Overview of when our ‘worst case scenario’ actually happened after 12 years of smooth running.
The Cornwallis Data Centre (CDC) houses most of the University’s servers, which are used to deliver the majority of IT services to the University. On the 11th June, this room suffered a complete power failure during major maintenance work.
What were you doing?
Replacing the uninterruptable power supply (UPS) and some air conditioning units.
Why were you doing that?
The CDC is a highly resilient data centre designed to deal with many potential disaster scenarios. This includes systems to maintain power.

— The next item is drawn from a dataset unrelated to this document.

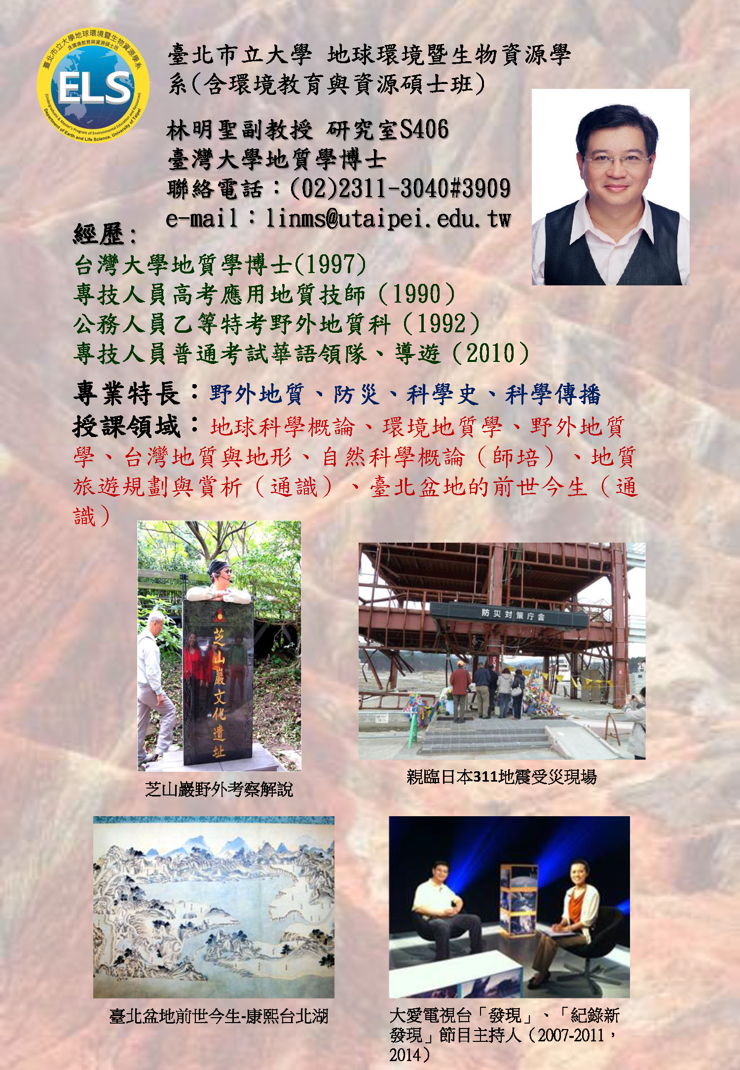 研究專長: 歷史地震、地質旅遊、防災教育、科學傳播 授課領域: 地球科學概論、環境地質學、野外地質學、台灣地質與地形、自然科學概論(師培)、地質旅遊規劃與賞析(通識)、臺北盆地的前世今生(通識) 研究計畫及經歷:林明聖教師專頁 E-mail:linms@utaipei.edu.tw 聯絡電話:(02)2311-3040分機3909 |

While normally run from mains electrical power, we have an interlinked set of three UPS (Uninterruptable Power Supplies – essentially three very large batteries) to run from in the event of a power cut. These are expected to be able to run for 30 – 60 minutes, which is considered more than enough time for our diesel generator to automatically start. This then has sufficient capacity to run for 18-24 hours before requiring more fuel. Over the years, we have had several power cuts and this combination has maintained service throughout.

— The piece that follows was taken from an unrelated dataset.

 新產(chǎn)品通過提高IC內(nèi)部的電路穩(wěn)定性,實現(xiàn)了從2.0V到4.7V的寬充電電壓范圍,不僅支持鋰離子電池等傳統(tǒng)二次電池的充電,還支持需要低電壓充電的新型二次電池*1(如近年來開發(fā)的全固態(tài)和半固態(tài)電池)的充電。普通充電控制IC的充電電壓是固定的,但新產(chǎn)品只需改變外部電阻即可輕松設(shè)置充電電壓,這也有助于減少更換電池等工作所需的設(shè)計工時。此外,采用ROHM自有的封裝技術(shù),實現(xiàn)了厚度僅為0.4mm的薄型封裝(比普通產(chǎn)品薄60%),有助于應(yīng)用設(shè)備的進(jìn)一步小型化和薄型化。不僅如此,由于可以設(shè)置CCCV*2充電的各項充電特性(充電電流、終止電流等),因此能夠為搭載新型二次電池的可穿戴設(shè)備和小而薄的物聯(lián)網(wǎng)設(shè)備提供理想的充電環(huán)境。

The CDC was built in 2008 and 12 years later, equipment such as the UPS and air conditioning units were becoming too old to be reliable and were approaching a stage where they were no longer supported by the manufacturer. In order that we could be confident they could continue to run, we started an Estates led capital programme of replacing equipment.
Why did you do this work when you did?
Due to the current Covid crisis, scheduling this work proved quite difficult. At the point where the engineering company (Future-tech – who we use for all our data centre work) confirmed they were legally able to do the work, their availability was to either to start almost immediately (8th June) or delay a number of weeks, pushing the work closer to Clearing. While we would have preferred the work to start a week later, out of term time, we opted to secure the opportunity to ensure work was completed as soon as possible.
The UPS work was expected to take one week while the air conditioning work should take up to four weeks.
Who was involved?
Information Services (IS) are the key users of the data centre, but there is equipment from other University schools and departments, and also some which is owned and managed by our network provider and regional partners.
Estates manage the contract for the environmental (power, temperature, security) state of the room, and as this is a highly specialist area contract a specialist company called Future-tech for most of the support and maintenance work.
Future-tech is a specialist Data Centre provider, highly accredited and recipients of numerous awards. They have a significant customer base including numerous other Universities, councils, blue chip commercial entities and the NHS. Future-tech were part of the design and commissioning of the room, have been part of the maintenance process since and know it intimately. The CDC electrical supply had worked flawlessly for over a decade and covered many periods of maintenance, numerous electrical supply cuts over the years and the whole campus power cut of February 2013
What was supposed to happen?
As the problem centred around power, the air conditioning work will not be included in the remainder of this report. Air conditioning work was suspended to remove any further complications.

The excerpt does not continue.